Conventionally apathy is defined as a symptom primarily characterized by loss of feelings and emotional display and is the most common behavioural symptom in dementia patients. Neuronal network of emotions has ceased to function in patients suffering from dementia associated apathy.

Objective and methods

We measured changes in skin conductance and heart rate from n=12 demented nursing home residents with clinical significant apathy (sumscore>40 in the Apathy Evaluation Scale, AES) to images taken from the International Affective Picture System (IAPS, Lang et al., 2008). Additionally we used autobiographical material to study the responsiveness of the neuronal network of emotions and the adequacy of somatic indicators to demonstrate emotional reactions in individuals diagnosed with dementia and apathy.

Results

Analysis of the EDA data revealed a significant difference in the change of skin conductance between the different image categories. The autobiographical material generated the largest change in skin conductance. Analysis of the heart rate did not yield any significant difference between the image categories.

Conclusions

Our findings demonstrate that the neuronal network underlying emotion is still responsive in patients diagnosed with dementia associated apathy, although residents don׳t seem to be involved emotionally from an extraneous visual focus. Non pharmacological therapy approaches should deal with individual, familiar, autobiographic material to ensure a high level of emotional response and therefore reduce apathy severity.

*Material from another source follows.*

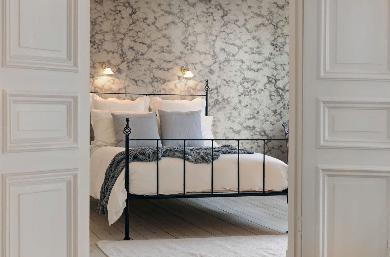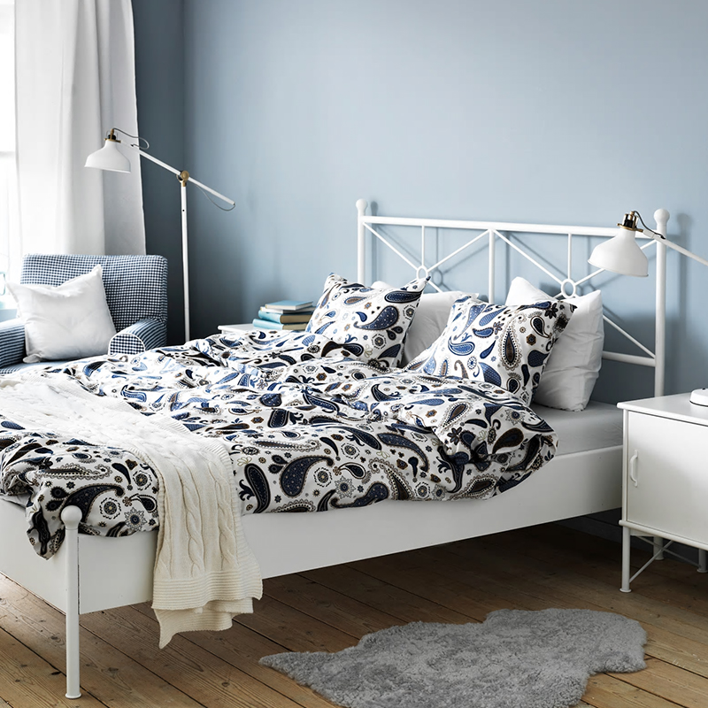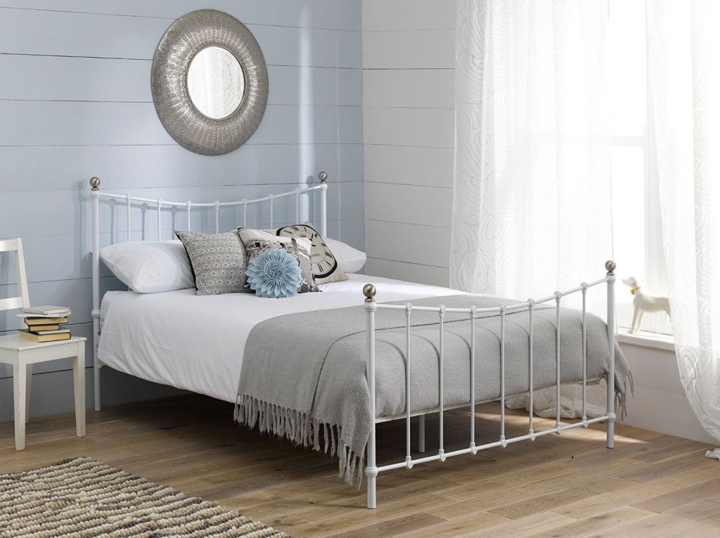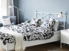 - Letto con testiera in ferro battuto. Puoi scegliere qualsiasi forma e design della testiera. Questi possono essere motivi floreali, qualsiasi motivo o ornamento. Questa soluzione contribuirà a rendere più romantico lo stile scandinavo.

传统上,冷漠被定义为一种以丧失感觉和情绪表现为主要特征的症状,是痴呆患者中最常见的行为症状。在患有痴呆症相关冷漠的患者中,情绪神经网络已经停止运作。目的和方法我们测量了n=12名患有临床显著冷漠的痴呆养老院居民(冷漠评估量表,AES得分为40分)对国际情感图像系统(IAPS, Lang et al., 2008)图像的皮肤电导和心率的变化。此外,我们使用自传体材料来研究情绪神经元网络的反应性和躯体指标的充分性,以证明诊断为痴呆和冷漠的个体的情绪反应。结果EDA数据分析显示,不同图像类别的皮肤电导变化有显著差异。自传体材料对皮肤电导的影响最大。对心率的分析没有发现图像类别之间的任何显著差异。结论我们的研究结果表明,在诊断为痴呆相关冷漠的患者中,潜在情绪的神经网络仍然具有反应性,尽管患者似乎没有从外部视觉焦点中参与情绪。非药物治疗方法应该处理个体的、熟悉的、自传体的材料,以确保高水平的情绪反应,从而减少冷漠的严重程度。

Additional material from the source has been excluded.